- [ACTIVITY]
Every record below is to be restated verbatim, though its images are not.

- [Dataset records]
↓
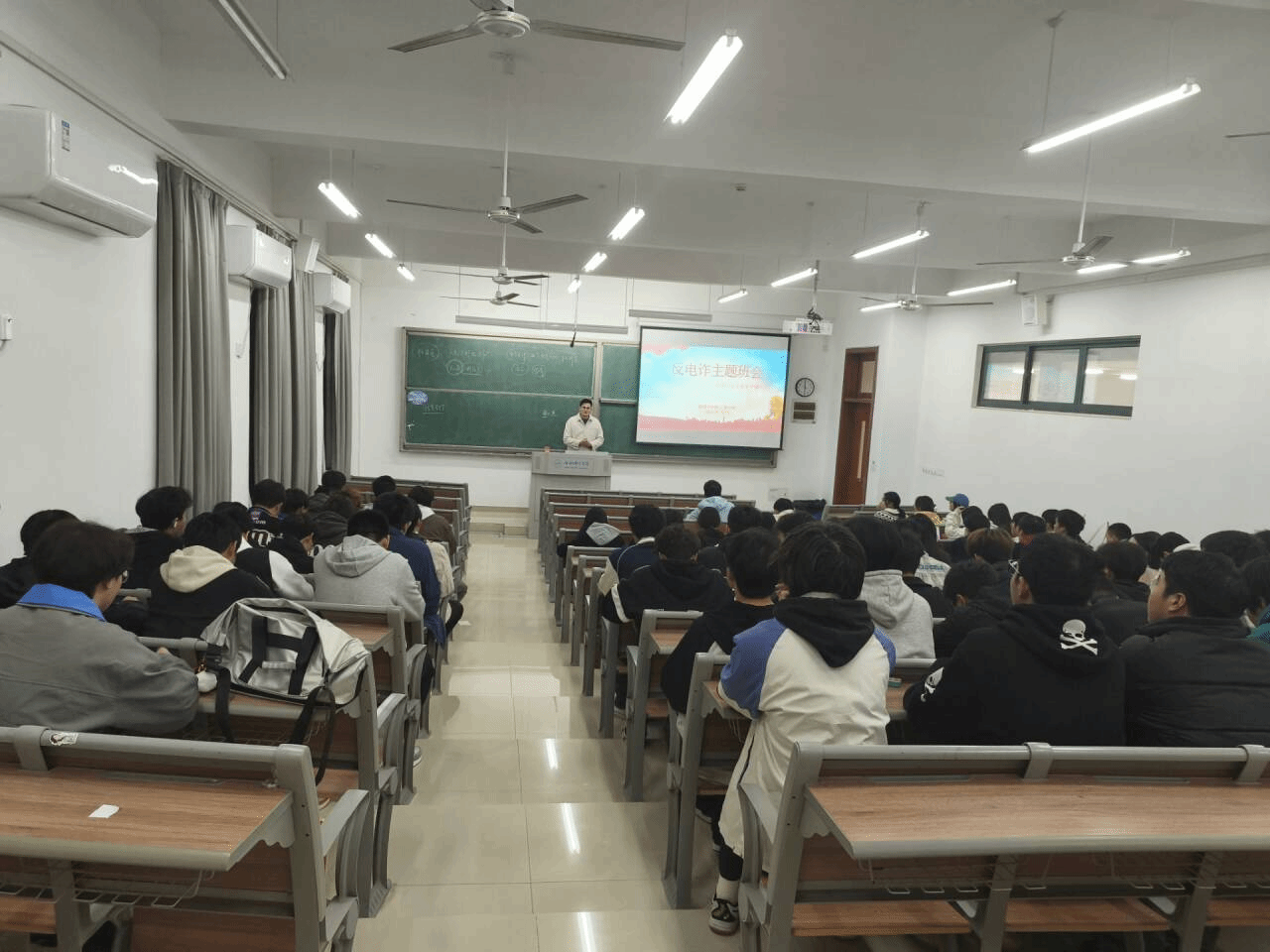 为提高大学生防范电信诈骗意识,10月23日,tyc41183太阳成集团24级新能源与材料专业学生在滨湖校区博学A108教室联合开展反诈骗主题教育日活动,活动由辅导员沙从浩主持。
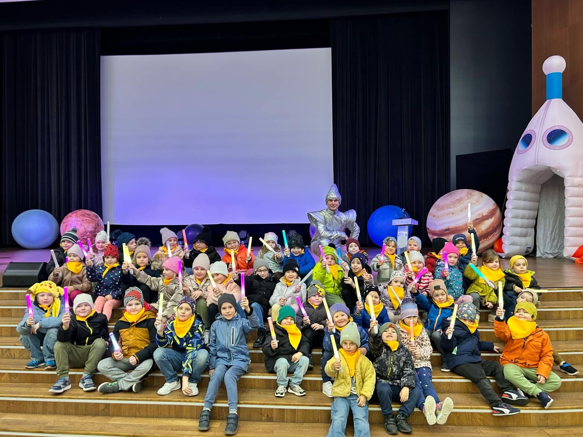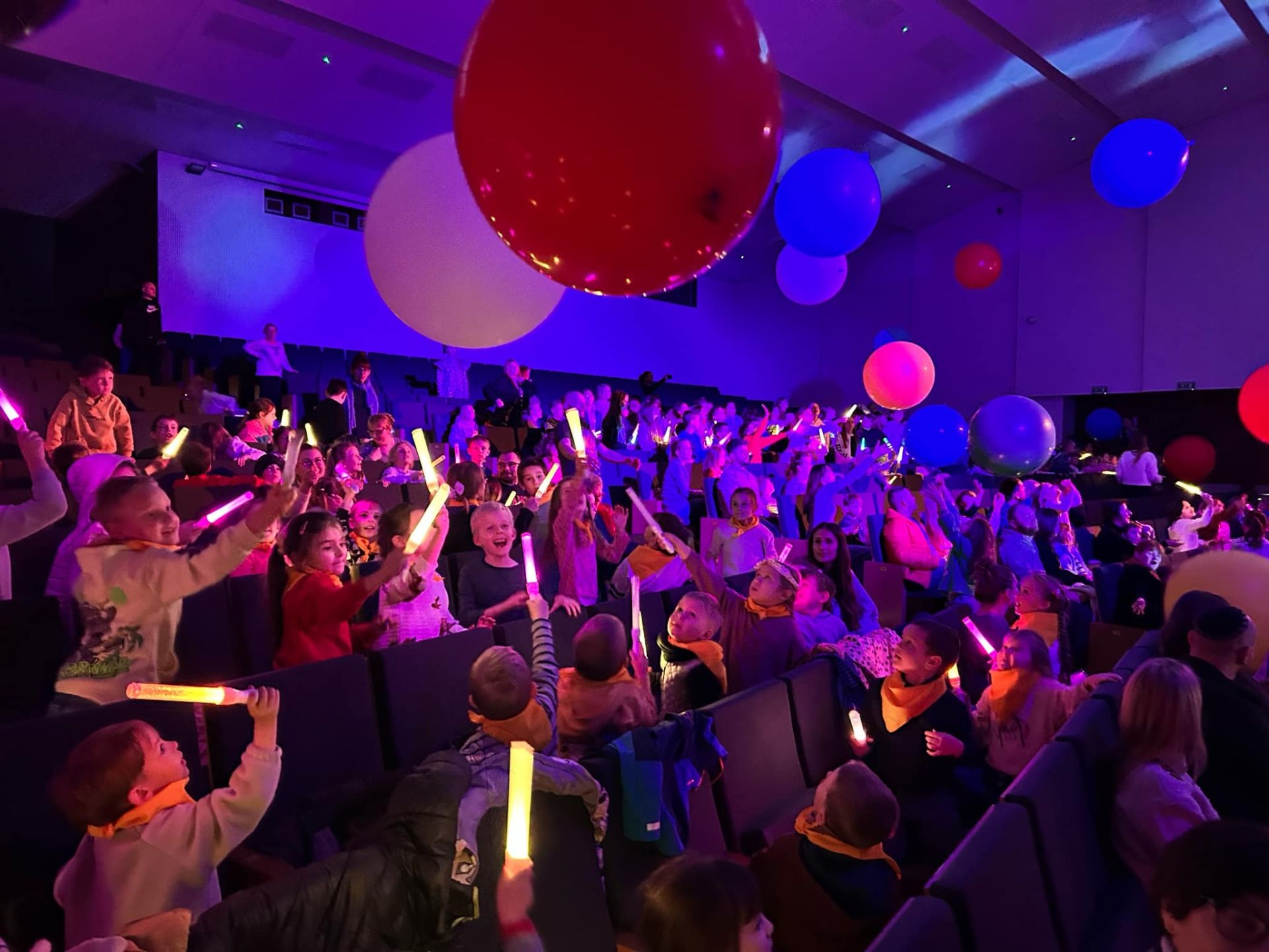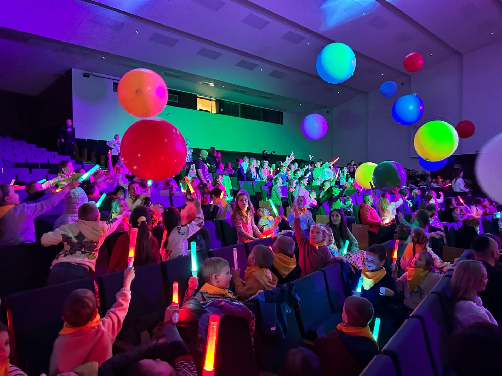 Dziś przedszkolaki wybrały się na ciekawy spektakl interaktywny "Kosmo Show" o kosmosie. Dzieci podczas występu brały czynny udział - otrzymały specjalne latarki, dzięki którym zapalały gwiazdy, rozbijały asteroidy, sterowały statkiem kosmicznym i tworzyły niesamowite efekty świetlne. Dzieciaczki były zachwycone magią kolorów i dźwięków.
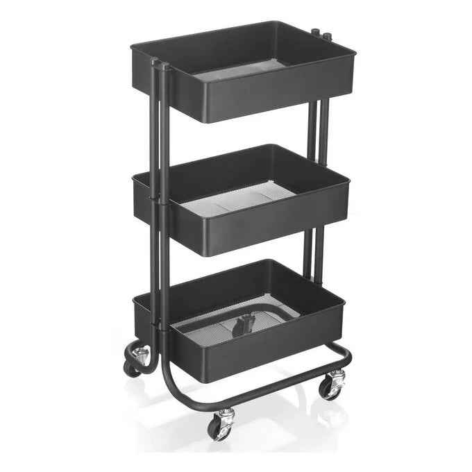 This 3 Tier Trolley is a fantastic extra storage unit for any room, from your bathroom to home office, featuring three shelves with mesh bases and four wheels for easy maneuverability. Constructed from iron for a sturdy and durable design, this storage trolley is perfect for your cosmetics, towels, paperwork, toys, and much more.
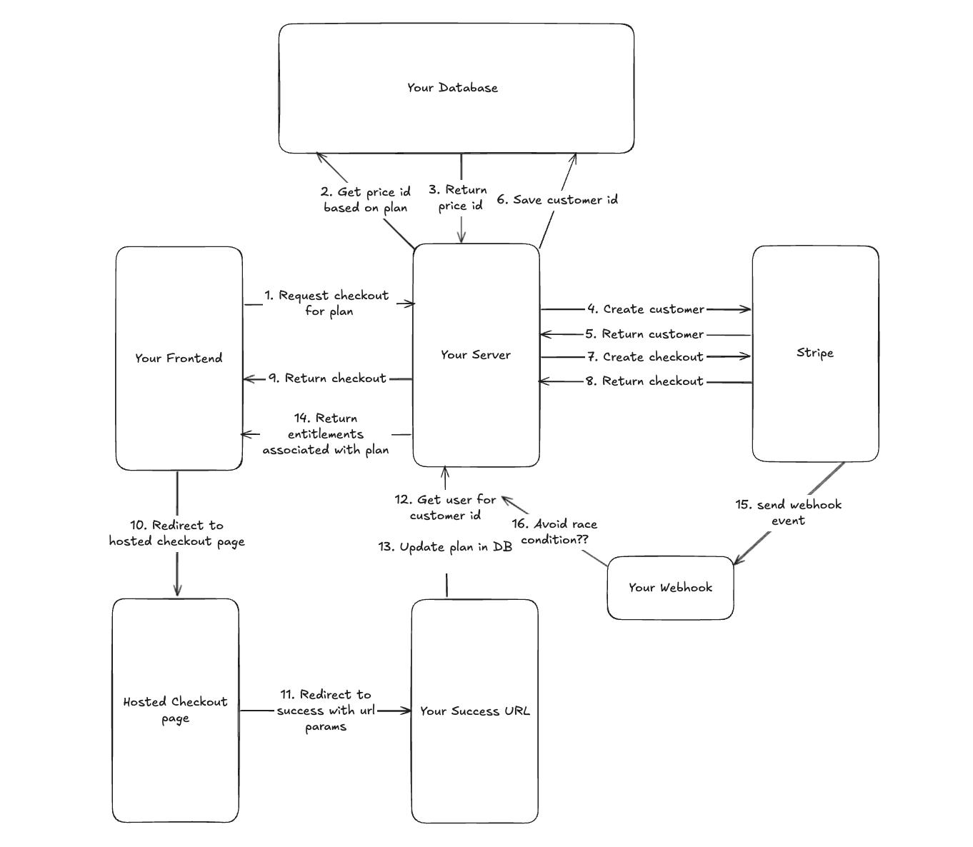 The result is a bunch of glue code that you have to maintain to keep your app’s DB in sync with what happened in your payment processor. You sync your DB through webhooks which are brittle, create race conditions, and often one of the hardest parts of your app to test.
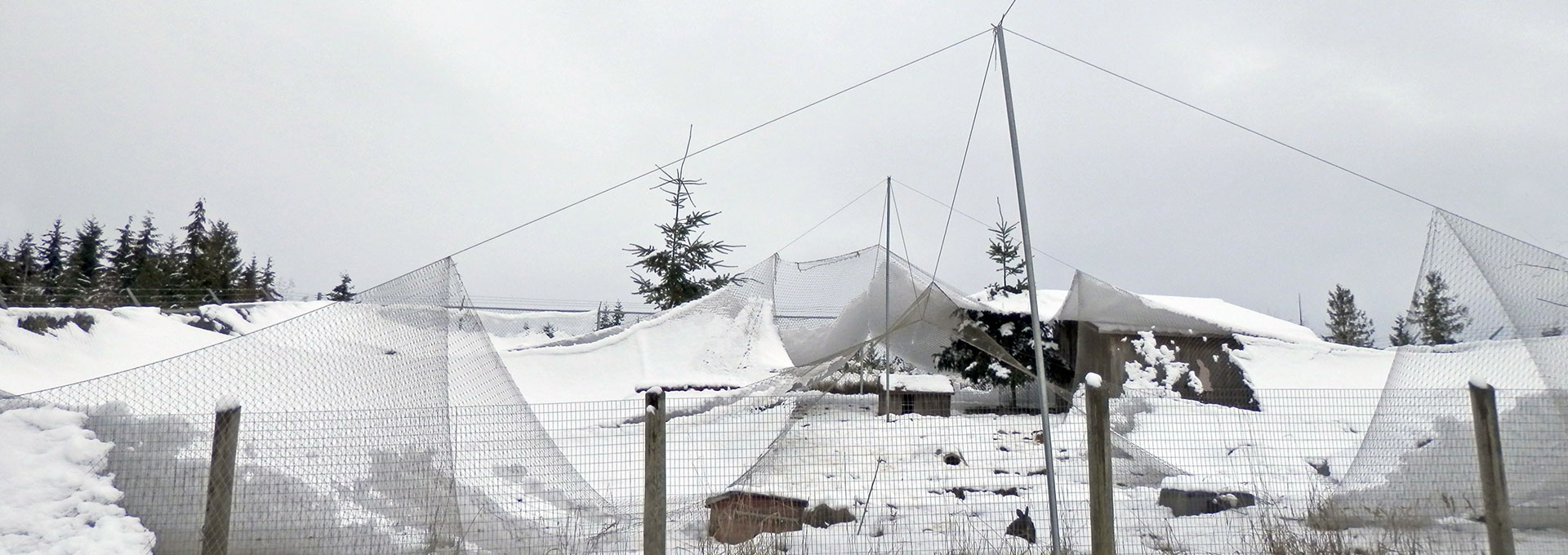 The severe winter snow storms have torn and collapsed the entire overhead protective netting above the rabbit enclosure. Funds are desperately needed to install new and improved netting to cover the unique, one-half acre enclosure.
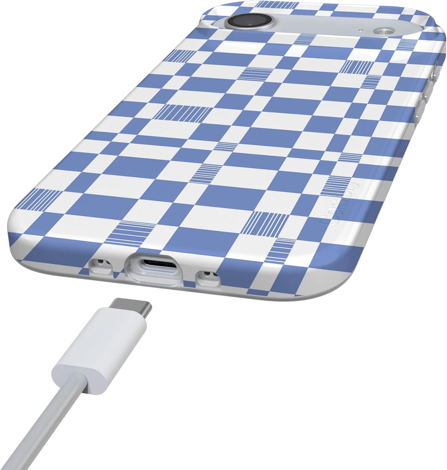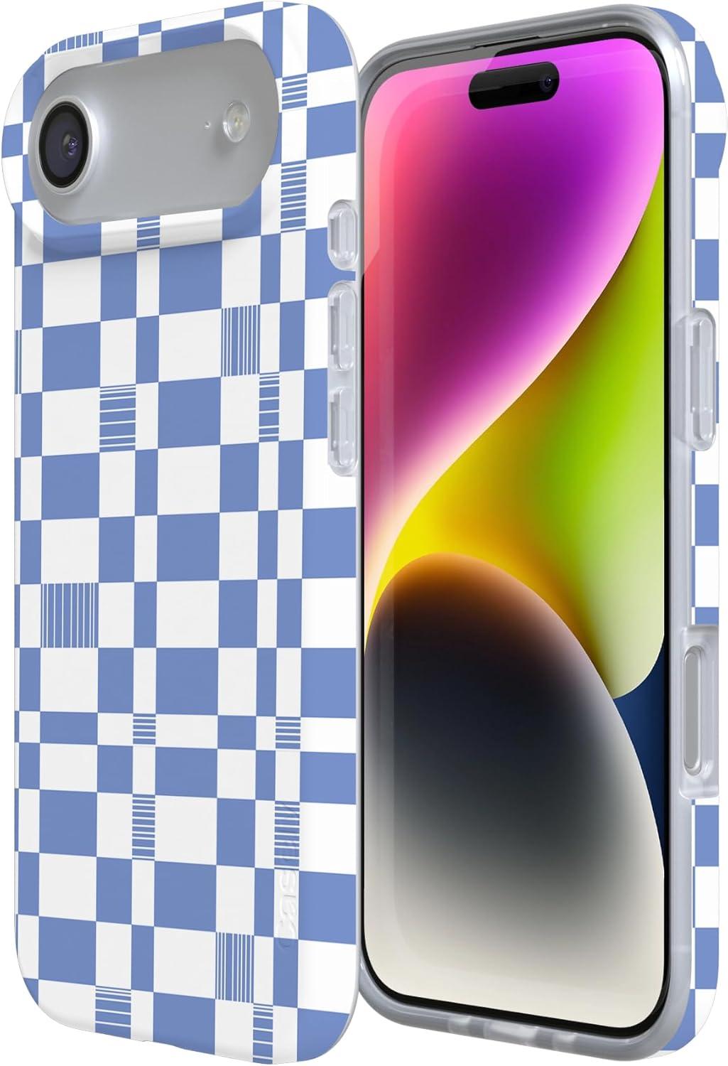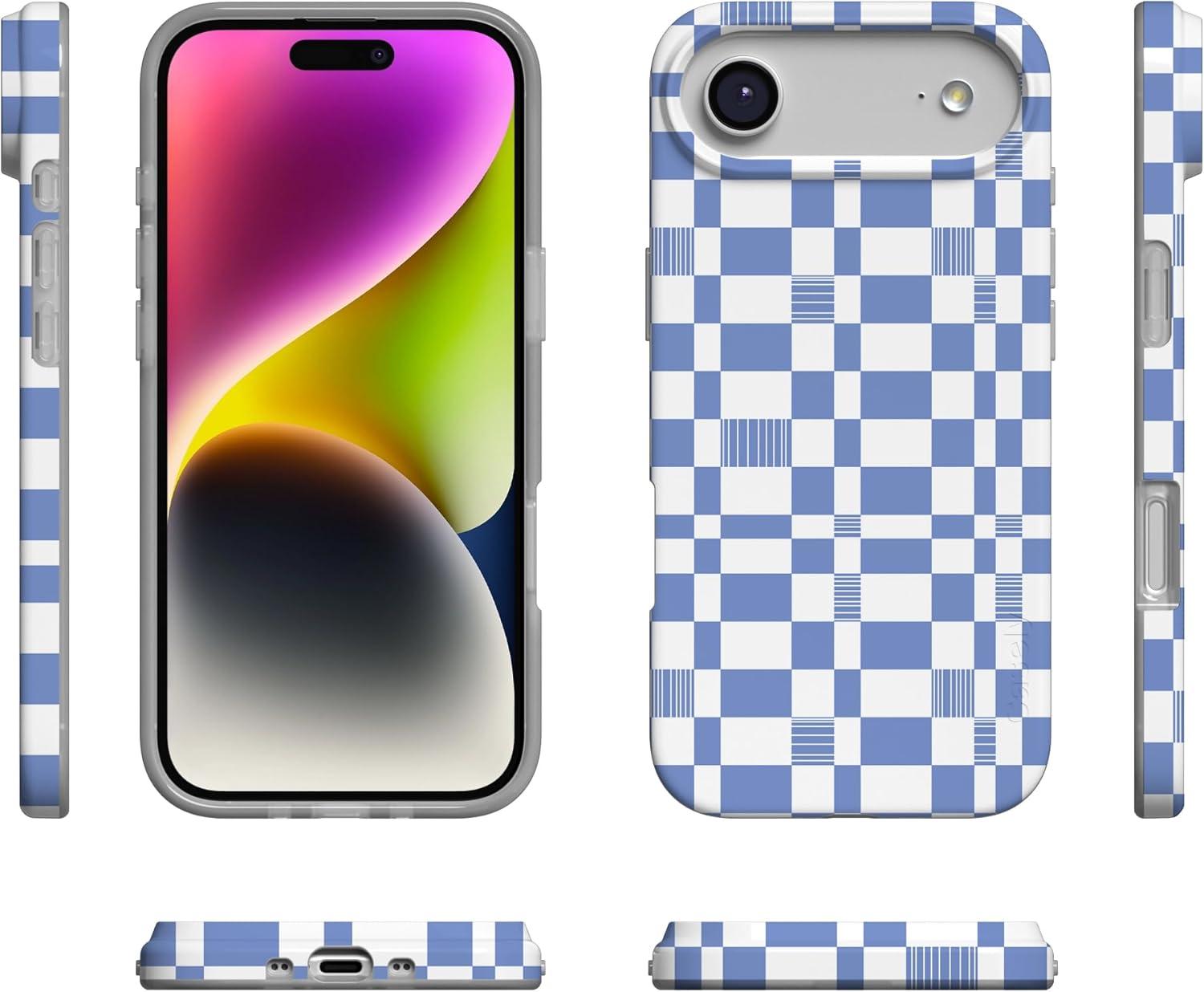 Casely iPhone 17 Air Case | Coastal Checkers | Pura Vida | Compatible with MagSafe | Classic Ultra Slim Design(Reality Check | Periwinkle)
↑
- [EXERCISE ANSWER]
 为提高大学生防范电信诈骗意识,10月23日,tyc41183太阳成集团24级新能源与材料专业学生在滨湖校区博学A108教室联合开展反诈骗主题教育日活动,活动由辅导员沙从浩主持。
 Dziś przedszkolaki wybrały się na ciekawy spektakl interaktywny "Kosmo Show" o kosmosie. Dzieci podczas występu brały czynny udział - otrzymały specjalne latarki, dzięki którym zapalały gwiazdy, rozbijały asteroidy, sterowały statkiem kosmicznym i tworzyły niesamowite efekty świetlne. Dzieciaczki były zachwycone magią kolorów i dźwięków.
 This 3 Tier Trolley is a fantastic extra storage unit for any room, from your bathroom to home office, featuring three shelves with mesh bases and four wheels for easy maneuverability. Constructed from iron for a sturdy and durable design, this storage trolley is perfect for your cosmetics, towels, paperwork, toys, and much more.
 The result is a bunch of glue code that you have to maintain to keep your app’s DB in sync with what happened in your payment processor. You sync your DB through webhooks which are brittle, create race conditions, and often one of the hardest parts of your app to test.
 The severe winter snow storms have torn and collapsed the entire overhead protective netting above the rabbit enclosure. Funds are desperately needed to install new and improved netting to cover the unique, one-half acre enclosure.
 Casely iPhone 17 Air Case | Coastal Checkers | Pura Vida | Compatible with MagSafe | Classic Ultra Slim Design(Reality Check | Periwinkle)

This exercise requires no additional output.